> Work to be completed
Write the records out exactly as they read, but not the pictures.

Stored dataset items
Start of Block
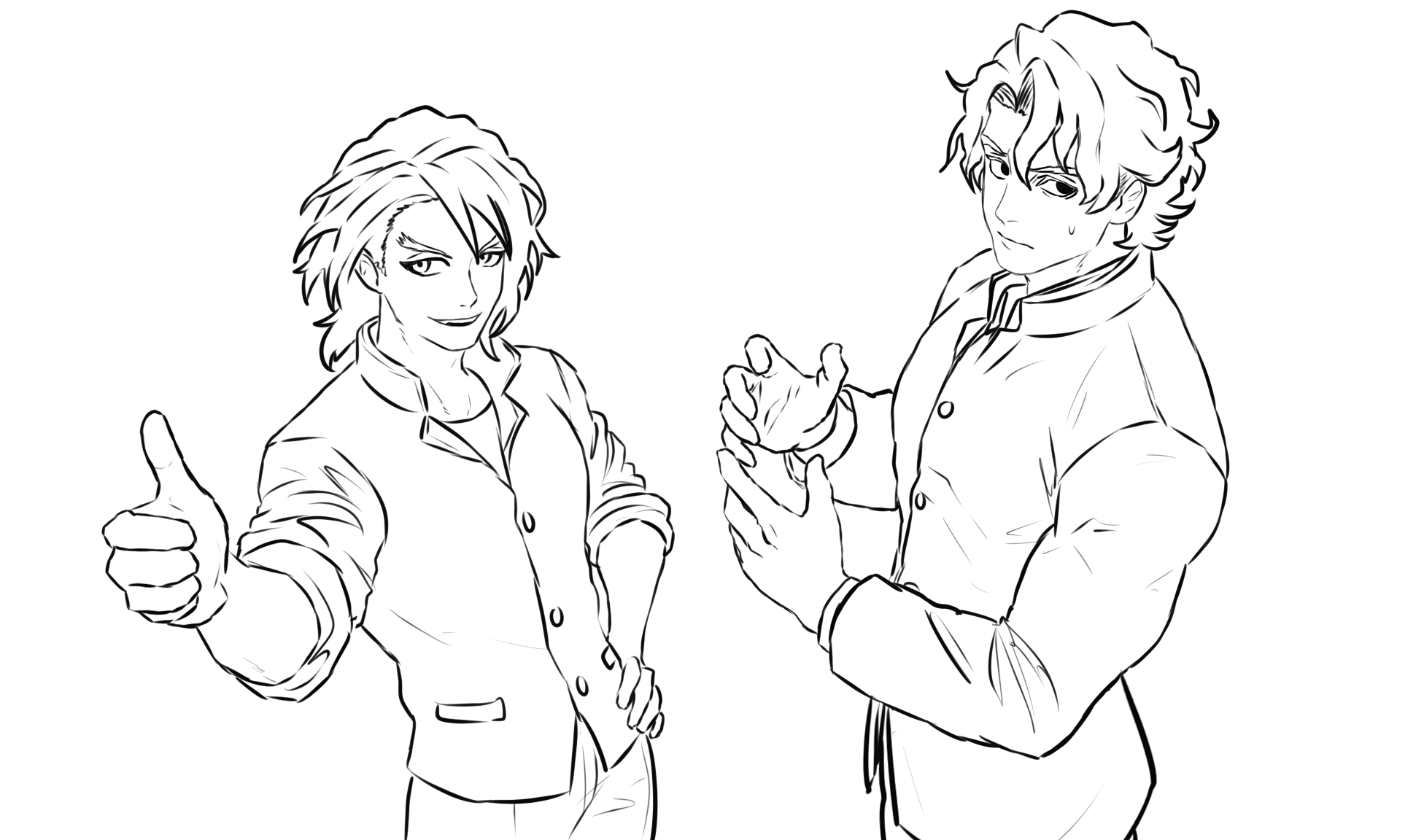 >>97343699Holy FUARK!!! This is peak fiction, Shuanon. It's curious that you drew both of them with fairly curly hair, I tend to draw Takaishi a little curly because I try to spice up the faceclaims of some characters if I find them a little bland when I draw them but it's funny because I was thinking Kaoru might start wearing her hair a little differently after the last part of her arc to try and stand out more, maybe with Madoka's advice. It's quite peak to see their dynamic presented like this. I've been trying to improve my own art lately so you're always an inspiration my dude>>97343738I'd chalk that up to me drawing Takaishi's hair a little curlier than the ref is, and a little game of telephone ending up with Shuanon drawing Takaishi like how I draw Takaishi, but also if this was coloured I think it would be clear that it's not Shu. Also they wear different clothes and Takaishi is clearly bigger than Shu>>97343751STAY BACK, SATAN!!!
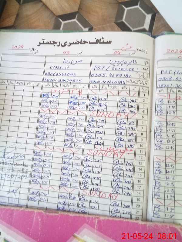 | Name: Ro**** Ya**** Designation: (School Headmaster's/Headmistress's) EST(G) Phone/Cell Number: 03**** |
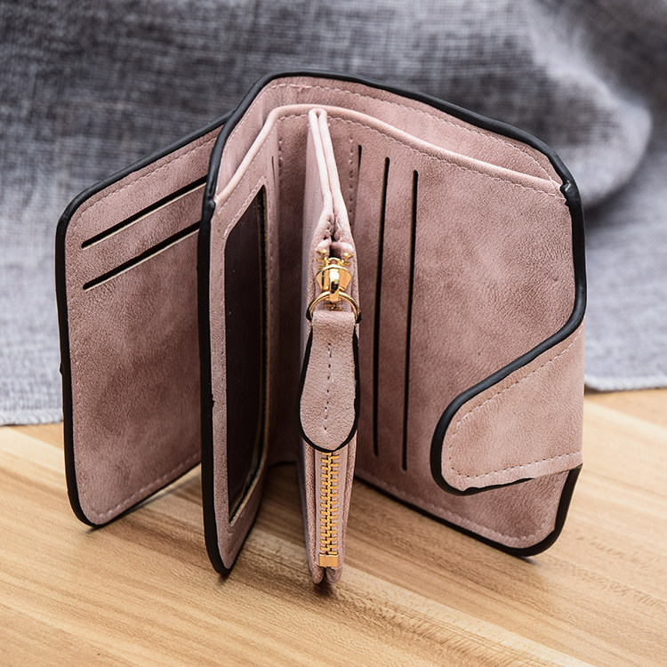 Textured Nubuck Women Short Wallet Bifold Purse Cardholder
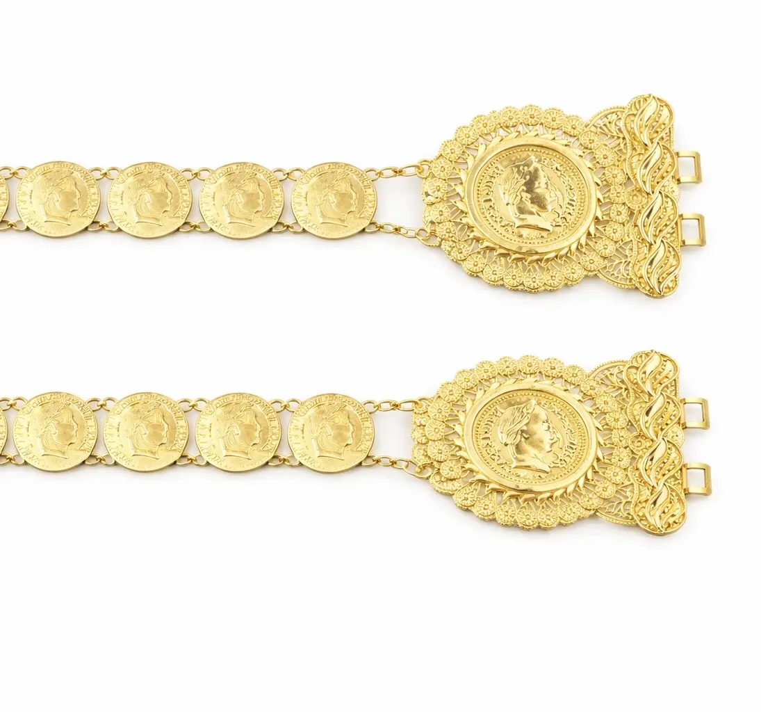 Sublimez vos tenues avec cette ceinture traditionnelle dorée, inspirée des bijoux d’antan et travaillée avec une grande finesse artisanale.
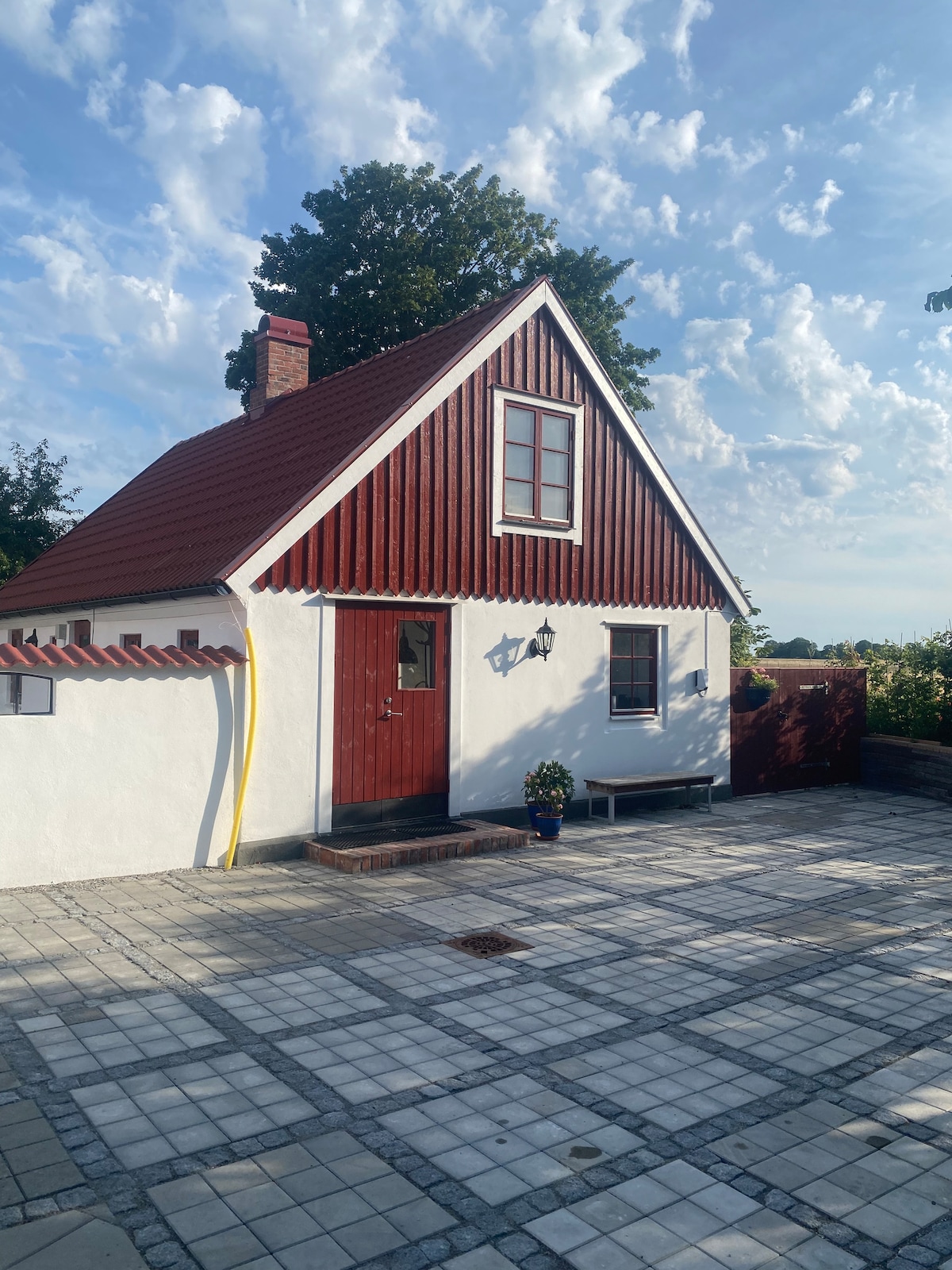Charmigt gårdshus på landet med mysig trädgård
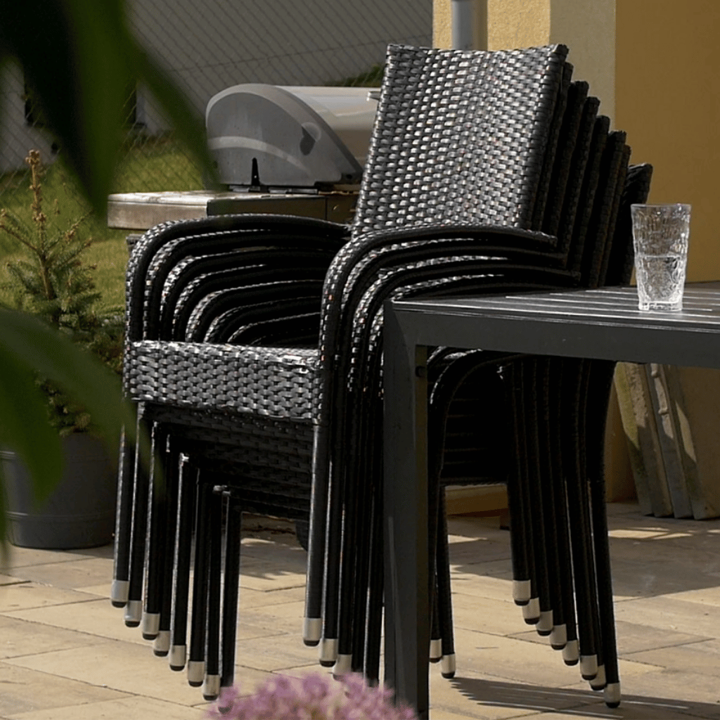 - Stohovatelné ratanové židle usnadňují skladování a šetří místo
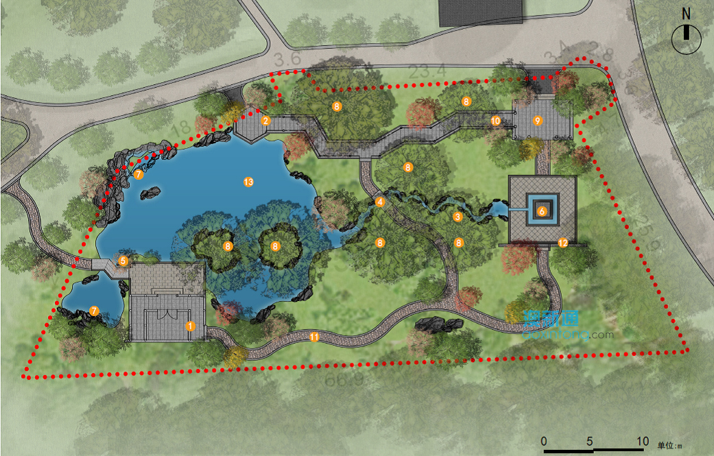 1 临水榭 Waterside Pavilion,2江山亭 Jiangshan Kiosk,3曲水流觞 Winding Water,4平桥 Level Bridge,5 曲桥 Curved Bridge,6友谊之鼎 Bronze Cauldron of Friendship,7假山叠水 Artificial Hill,8保留大树 Arbors Retained,9入口 Entrance,10文化长廊 Cultural Corridor,11镜面水池 Mirror Pool,12 月亮门Moon Gate,13友谊池 Friendship Pool
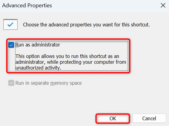 From now on, Windows will always launch your selected desktop shortcut as an administrator.
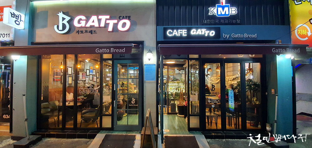 입구가 2곳으로 되어 있는데, 하나는 카페, 하나는 빵집으로 들어가는 분위기 입니다.
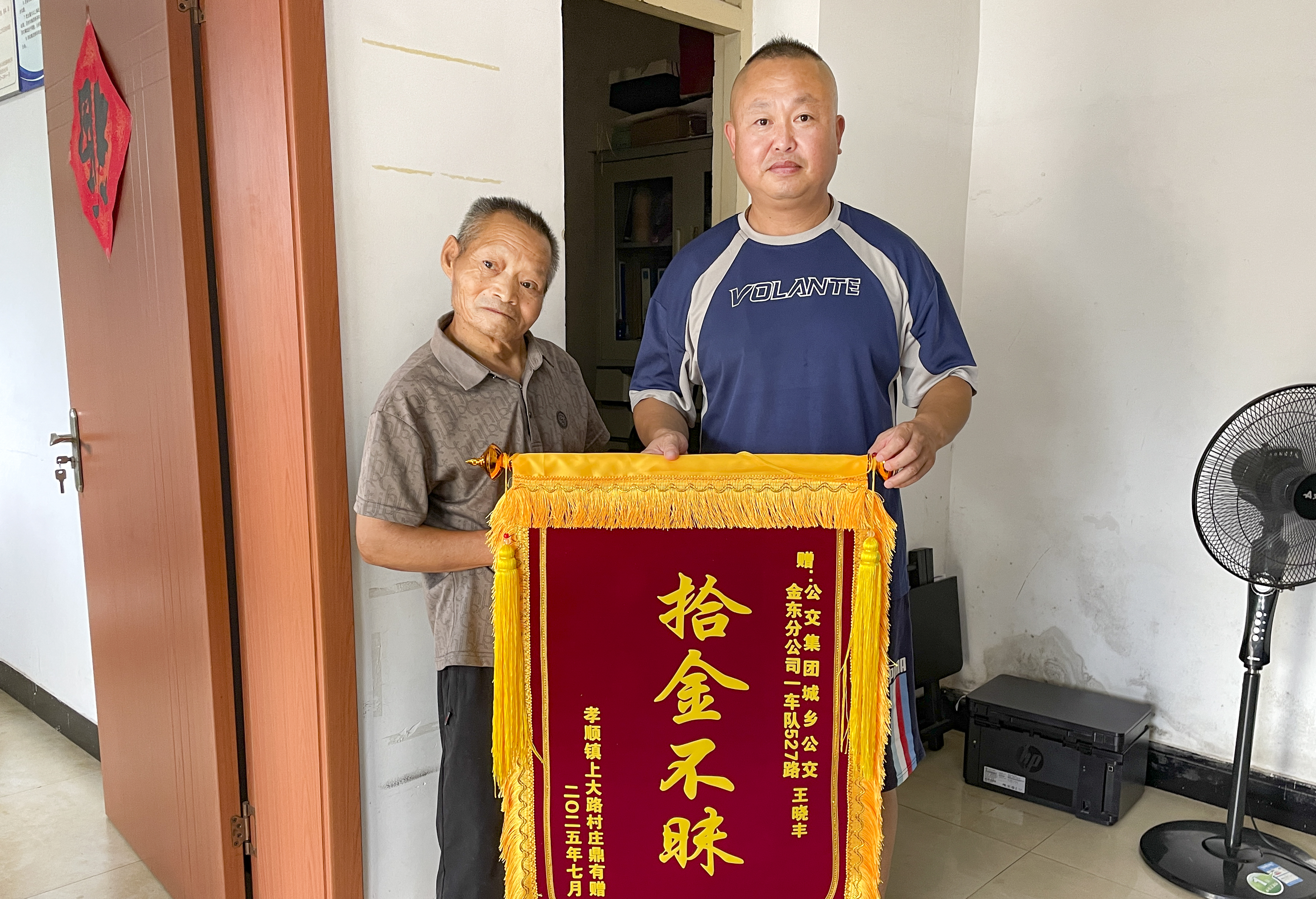 金华:暖心!这位司机拾金不昧,获乘客锦旗致谢 7月26日,来自金东区孝顺镇王里源村的村民庄鼎有专程来到金华市交通投资公交集团客运金东公司一车队,将一面写有“拾金不昧”的锦旗送到车队,对527路驾驶员王晓丰拾金不昧的行为表示感谢。 庄鼎有乘坐由塘雅镇开往铁路金华站的527路公交车,在中心医院公交站下车时,不慎将随身携带的钱包遗落在车上。钱包内有现金、重要证件及多张银行卡,一旦丢失将带来诸多不便。 当班驾驶员王晓丰在车辆到达终点站进行例行检查时,发现了被遗落的钱包。车队工作人员根据包内信息迅速联系上了失主庄鼎有。 据了解,近段时间,公交车厢里接连上演了10多起拾金不昧的暖心故事,其中有一次性捡到10万元现金,公交驾驶员用细致入微的服务诠释了公交人的责任担当,而失主以送锦旗、写感谢信等方式,感谢他们的暖心善举。目前,公交集团将持续发挥先进典型的示范引领作用,号召全体员工以优秀事例为榜样,不断提升服务水平,努力为市民提供更加优质、贴心的公交出行服务。
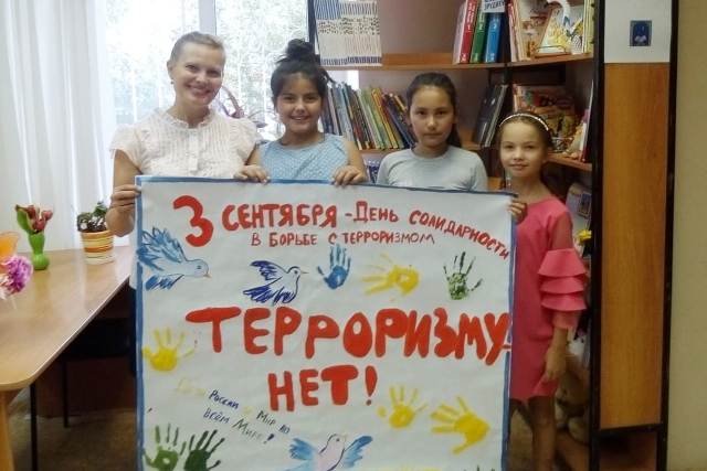 В библиотеке № 42 изготовили своими руками плакаты «Молодежь против терроризма» в память о жертвах террористической агрессии. Ребята разместили свои работы на абонементе для детей, чтобы каждый школьник задумался о том, что, только объединившись вместе, и с уважением относясь к другим нациям и религиям, можно побороть ненависть под названием «терроризм».
End of Block
> Response to the exercise
 >>97343699Holy FUARK!!! This is peak fiction, Shuanon. It's curious that you drew both of them with fairly curly hair, I tend to draw Takaishi a little curly because I try to spice up the faceclaims of some characters if I find them a little bland when I draw them but it's funny because I was thinking Kaoru might start wearing her hair a little differently after the last part of her arc to try and stand out more, maybe with Madoka's advice. It's quite peak to see their dynamic presented like this. I've been trying to improve my own art lately so you're always an inspiration my dude>>97343738I'd chalk that up to me drawing Takaishi's hair a little curlier than the ref is, and a little game of telephone ending up with Shuanon drawing Takaishi like how I draw Takaishi, but also if this was coloured I think it would be clear that it's not Shu. Also they wear different clothes and Takaishi is clearly bigger than Shu>>97343751STAY BACK, SATAN!!!
 | Name: Ro**** Ya**** Designation: (School Headmaster's/Headmistress's) EST(G) Phone/Cell Number: 03**** |
 Textured Nubuck Women Short Wallet Bifold Purse Cardholder
 Sublimez vos tenues avec cette ceinture traditionnelle dorée, inspirée des bijoux d’antan et travaillée avec une grande finesse artisanale.
Charmigt gårdshus på landet med mysig trädgård
 - Stohovatelné ratanové židle usnadňují skladování a šetří místo
 1 临水榭 Waterside Pavilion,2江山亭 Jiangshan Kiosk,3曲水流觞 Winding Water,4平桥 Level Bridge,5 曲桥 Curved Bridge,6友谊之鼎 Bronze Cauldron of Friendship,7假山叠水 Artificial Hill,8保留大树 Arbors Retained,9入口 Entrance,10文化长廊 Cultural Corridor,11镜面水池 Mirror Pool,12 月亮门Moon Gate,13友谊池 Friendship Pool
 From now on, Windows will always launch your selected desktop shortcut as an administrator.
 입구가 2곳으로 되어 있는데, 하나는 카페, 하나는 빵집으로 들어가는 분위기 입니다.
 金华:暖心!这位司机拾金不昧,获乘客锦旗致谢 7月26日,来自金东区孝顺镇王里源村的村民庄鼎有专程来到金华市交通投资公交集团客运金东公司一车队,将一面写有“拾金不昧”的锦旗送到车队,对527路驾驶员王晓丰拾金不昧的行为表示感谢。 庄鼎有乘坐由塘雅镇开往铁路金华站的527路公交车,在中心医院公交站下车时,不慎将随身携带的钱包遗落在车上。钱包内有现金、重要证件及多张银行卡,一旦丢失将带来诸多不便。 当班驾驶员王晓丰在车辆到达终点站进行例行检查时,发现了被遗落的钱包。车队工作人员根据包内信息迅速联系上了失主庄鼎有。 据了解,近段时间,公交车厢里接连上演了10多起拾金不昧的暖心故事,其中有一次性捡到10万元现金,公交驾驶员用细致入微的服务诠释了公交人的责任担当,而失主以送锦旗、写感谢信等方式,感谢他们的暖心善举。目前,公交集团将持续发挥先进典型的示范引领作用,号召全体员工以优秀事例为榜样,不断提升服务水平,努力为市民提供更加优质、贴心的公交出行服务。
 В библиотеке № 42 изготовили своими руками плакаты «Молодежь против терроризма» в память о жертвах террористической агрессии. Ребята разместили свои работы на абонементе для детей, чтобы каждый школьник задумался о том, что, только объединившись вместе, и с уважением относясь к другим нациям и религиям, можно побороть ненависть под названием «терроризм».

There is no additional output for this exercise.